Thursday, September 19, 2013


(Excerpt from Ch. 15 "Wordsmithing on my summit" from Leona's book-in-progress)

Dear Lord,

I'm in a dilemma. When I have a computer problem in my word processing, my high tech sons keep telling me, "Just be logical, Mom!" I have a hard time trying to do that.
I’m not complaining, Lord—just putting in a request through channels. My valued Guardian Angel has been faithfully with me 24/7 since my conception. I really appreciate him. You created him smart as a whip, wise, alert, skillful, and powerful as are all Your heavenly messengers. He is multi-gifted and he helps me multi-task. He does marvels for me in every area of my life. But, forgive me for mentioning it, perhaps he is not too sharp in the technical department.

Be that as it may, Lord, I really need a Techy Angel to assist him in these highly specialized days in which I live as I try to serve you through my published words.

My four sons give me immeasurable help in computer technology and provide me with state-of-the-art equipment. But they are still mortal and limited and not always available to help me. Of course, being more skillful and experienced than I am, they lovingly scold me when I’ve got into some computer confusion. They first ask me accusingly what I did to get myself into this fix. That intimidates me! Usually I don't know. My sons keep telling me that I should simply follow the prompts to solve my own problems. I honestly can’t, Lord, because sometimes I really don’t even know what the questions or options mean in order to make a decision. I hesitate to venture into unknown areas “above my pay grade.”

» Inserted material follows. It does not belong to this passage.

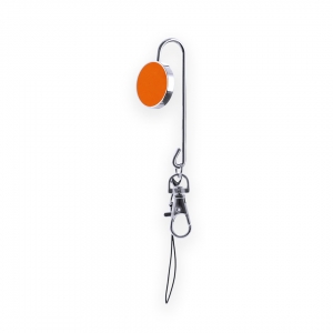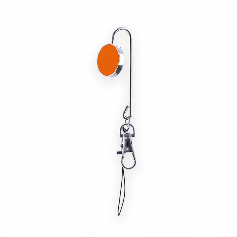 Schlüsselanhänger mit Handtaschenhalter aus Metall. Haken mit Kunstlederbesatz in kräftigen Farben sowie Trageschlaufe mit Karabinerverschluss. Präsentiert in einer individuellen Hülle.
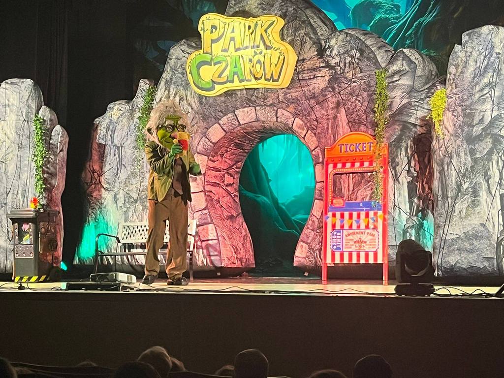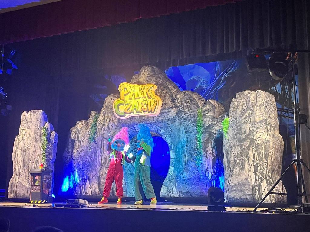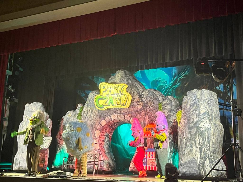 Spektakl od pierwszych chwil zachwycił widzów barwną scenografią, dynamiczną akcją i wspaniałą muzyką. „Park Czarów” to współczesny musical dla dzieci, który przeniósł nas do magicznego świata opuszczonego parku rozrywki. Na scenie pojawiły się sympatyczne trolle, które postanowiły uratować to miejsce przed złym czarodziejem oraz jego pomocnikami – Lenistwem, Strachem i Chciwością.

My loving sons always do come through to rescue me and give me a new start. Without doubt they have their own Guardian Angels who are probably more tech-savvy than mine. He helps me with the creative stuff.  Forgive my adult boys, Lord—sometimes they shout at the computer calling it stupid in their anger when they themselves may have hit a brick wall trying to figure out a certain problem. 

When I get into some unsolvable-to-me computer predicament, my son Rick can even magically guide my cursor from another location without being present with me. Awesome! He tells me just to sit back, and I watch the monitor with amazement while he guides the cursor here and there in the squigglies of computer language, right at the heart of this thing. He makes his way around in its inner workings like a brain surgeon. That’s so much like You, Lord, when You take over to solve some life mess I’ve made. I relax and let you do the driving.

But I’d really like to have a Techy Angel on duty all the time to assist my Guardian Angel because I’m so often frustrated with the hardware and the software. You’ve given me a dominant right brain and I deal primarily with creatively processing words to help people draw closer to You. I can’t seem to think in a technical direction. It was so simple in my earliest days of writing when all I needed was a black manual Underwood typewriter whose carriage you had to push back to start another line and you had to use “White-out” fluid for corrections and onion skin paper and carbon paper for copies. And there was no such thing as a printer.

Oh no, Lord, I wouldn’t want to regress from the marvelous ease of this technological and electronic age! Certainly I wouldn’t like to go back to how it was with a manual typewriter—or to a quill and parchment or chiseling words in stone! Thank you for all the advancements at my disposal to accomplish the divine tasks of Your Kingdom!

But the vehicle of writing and publishing these days seems to demand a stronger left brain. Lacking that, I need a Techy Angel with a left brain to help me. If You want to send a human one, I will be so grateful. If you send an invisible angel, brilliant and mighty directly from Your Throne Room, that would be so cool! I’d take good care of him, feed him angel food cake, and laud and applaud him. It would make my writing life a whole lot easier, thank You.